California employers are required to make regular income tax withholding payments for their employees, which can provide a real-time indication of the direction and magnitude of the aggregate change in the employers’ payrolls. Most withholding payments are for employees’ wages and salaries, but withholding is also due on bonuses and stock options received by employees. We caution against giving too much weight to withholding numbers in any given week because a single anomalous day can result in numbers that are difficult to interpret. Nonetheless, given the pace and severity of the shift in the state’s economy resulting from the COVID-19 pandemic, tracking weekly withholding is worthwhile as a way to assess the state’s rapidly changing economic situation.
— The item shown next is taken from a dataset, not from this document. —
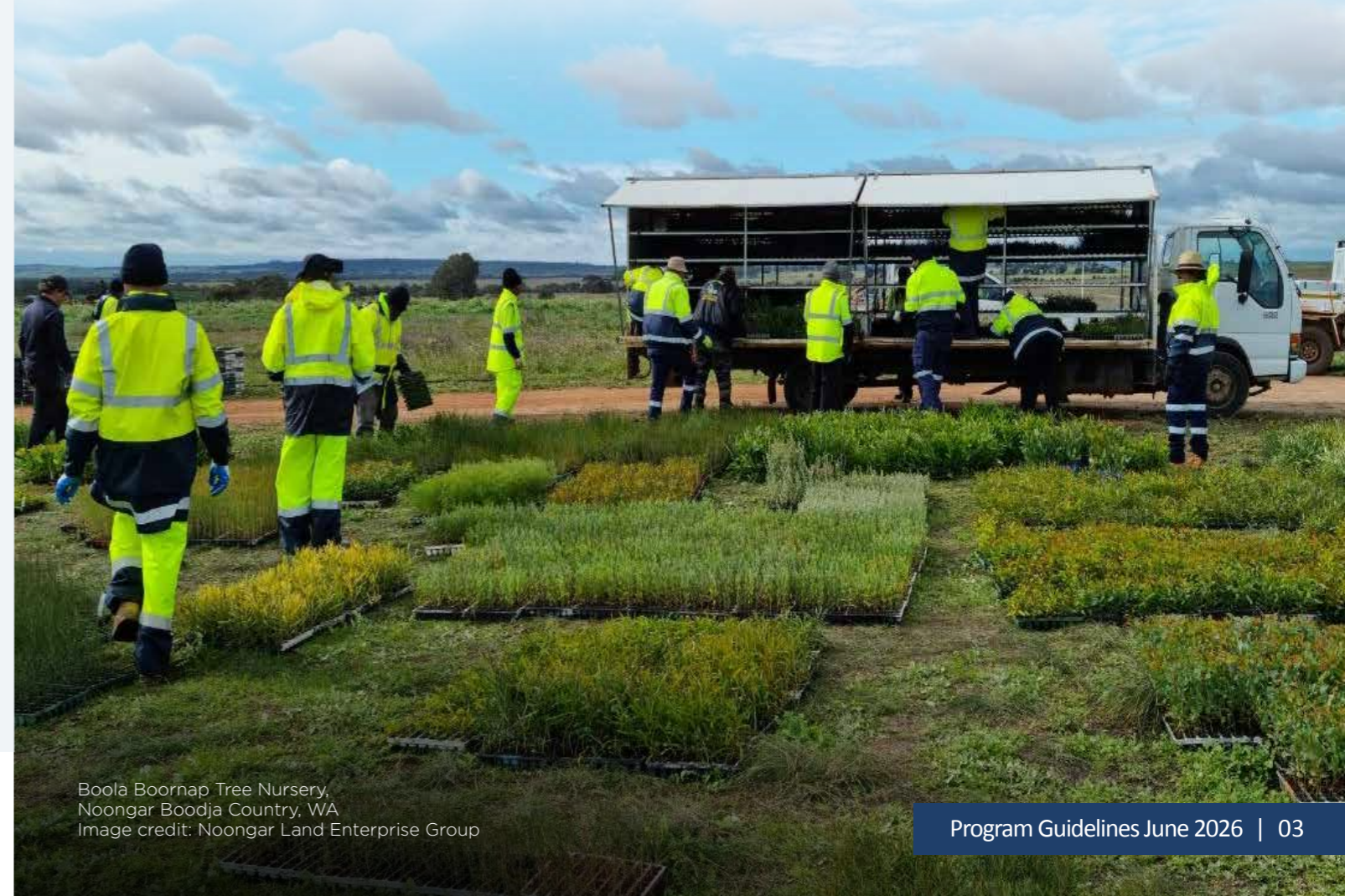
Boola Boornap Tree Nursery, Noongar Boodja Country, WA

Read on for the application steps, eligibility criteria and full guidelines

The first graph compares withholding payments received last week to payments received in the comparable week in 2019, which ran from Monday, July 1 to Friday, July 5 of that year. Withholding was down 1 percent from the comparable week in 2019. While there were only four processing days in the comparable week last year, the entire week was within the month of July. (Typically, the first few days of each month have elevated collections.) In contrast, this year the week included the last few days of June and the first few days of July. There were five processing days this year, however, since Independence Day fell on the weekend. These factors roughly canceled each other out and collections ended up very close to the comparable week in 2019.

The second graph shows total withholding collections since Monday March 23, when we first started to see evidence of an impact of the pandemic on withholding. As shown in the graph, total collections between March 23 and July 2 are down 3.0 percent ($576 million) compared to 2019. The cumulative decline stood at 3.2 percent ($559 million) last week and has hovered around the 3 percent range for nearly a month now.

The final graph shows the year over year changes in cumulative withholding for California in 2020, the United States in 2020 (from the federal income tax), and California in 2009 at the trough of the Great Recession. California’s withholding decline this year has been less steep than it was in 2009, and not nearly as sharp as the federal decline this year. While California’s economy has been hurt as badly by the recession as the national economy, its withholding collections have likely held up better because its income tax falls more heavily on the higher-paid workers who have experienced fewer employment losses than their lower-paid counterparts.